Writing data to the database
If you need to generate data and write it to the database, then we strongly recommend generating data in batches, and not at once 600k
. It must be remembered that there may be some restrictions on the part of the database, ORM, etc. The smaller the chunks of data generated for recording, the faster the recording.
Good:
>>> User()._bootstrap(count=2000, locale='de')
Very bad:
>>> User()._bootstrap(count=600000, locale='de')
Upload Images
The class Internet()
has several methods that generate links to images. For testing, links to images located on remote resources are quite enough, however, if you still want to have a set of random images locally, then you can upload images generated by the corresponding class methods Internet()

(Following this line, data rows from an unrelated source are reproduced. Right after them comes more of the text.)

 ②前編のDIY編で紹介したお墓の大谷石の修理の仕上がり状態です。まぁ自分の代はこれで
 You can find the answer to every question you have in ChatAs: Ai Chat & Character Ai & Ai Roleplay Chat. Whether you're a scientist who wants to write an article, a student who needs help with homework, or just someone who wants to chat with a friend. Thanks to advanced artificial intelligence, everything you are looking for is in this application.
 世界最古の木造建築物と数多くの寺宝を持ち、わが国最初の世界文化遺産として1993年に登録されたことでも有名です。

using a function download_image()
from the module utils
:
>>> from mimesis.utils import download_image
>>> from mimesis import Internet
>>> img_url = Internet().stock_image(category='food', width=1920, height=1080)

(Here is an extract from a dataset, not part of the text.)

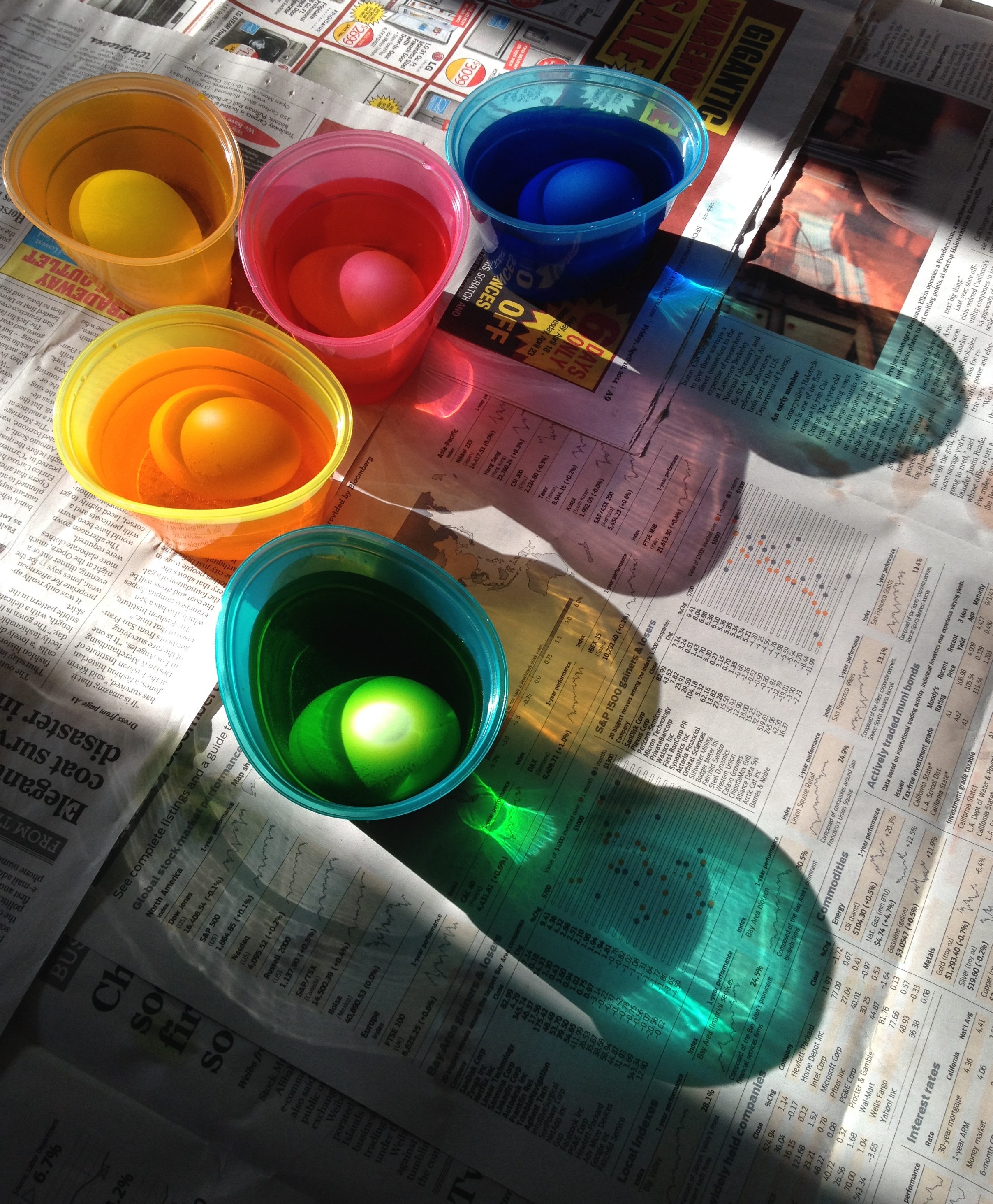 Eggs are probably our oldest symbol of birth and renewal, reminders of the incredible persistence and variety of life. Dying these elegant packages the colors of dawn we join the spinning Earth bathing in the light of a new day. No matter my age I still thrill at how the once white egg is transformed by a quick swim in a cup of colored water.

>>> download_image(url=img_url, save_path='/some/path/')
User Providers
The library supports a large amount of data and in most cases it will be quite enough, but for those who want to create their own providers with more specific data, this feature is supported and is done as follows:
>>> from mimesis import Generic
>>> generic = Generic('en')
>>> class SomeProvider():
... class Meta:
... name = "some_provider"
...
... @staticmethod
... def one():
... return 1
>>> class Another():
... @staticmethod
... def bye():
... return "Bye!"
>>> generic.add_provider(SomeProvider)
>>> generic.add_provider(Another)
>>> # ...
>>> generic.some_provider.one()
1
>>> generic.another.bye()
'Bye!'
Everything is simple and clear without comment, therefore, we clarify only one point - the attribute of the name
class Meta
is the name of the class through which access will be made to the methods of the user class provider. By default, the class name is the lowercase class name.
Builtin providers
Most countries where a particular language is official have data that is specific to those countries only. For example, CPF
for Brazil, SSN
for the USA. Such data can cause inconvenience and disrupt order (or at least annoy) by the fact that they will be present in all objects, regardless of the chosen language standard. You can see for yourself if you look at an example of how it would look (the code will not work):
>>> from mimesis import Personal
>>> person = Personal('ru')
>>> person.ssn()
>>> person.cpf()
I think everyone will agree that it looks really bad. We, as perfectionists, made sure that the Brazilian CPF did not bother the “Pole” and for this reason the provider classes that provide this kind of local-specific data are placed in a separate subpackage ( mimesis.builtins
) in order to preserve the structure of the classes common to all languages and their objects.
So it works:
>>> from mimesis import Generic
>>> from mimesis.builtins import BrazilSpecProvider
>>> generic = Generic('pt-br')
>>> class BrazilProvider(BrazilSpecProvider):
...
... class Meta:
... name = "brazil_provider"
...
>>> generic.add_provider(BrazilProvider)
>>> generic.brazil_provider.cpf()
'696.441.186-00'
In general, you do not have to add inline classes to an object Generic()
. In the example, this was done only to demonstrate in which cases it would be appropriate to add a built-in provider class to the object Generic()
. You can use it directly as shown below:
>>> from mimesis.builtins import RussiaSpecProvider
>>> ru = RussiaSpecProvider()
>>> ru.patronymic(gender='female')
'Петровна'
>>> ru.patronymic(gender='male')
'Бенедиктович'
What data most often necessitates your work? What was missed in the library and what should be added immediately? We would be very glad to hear your wishes / recommendations / comments.
Link to the project: here .
Link to documentation: here .
On the first part of the article: here .
That's all for me, friends. Good luck to you and may the force be with you!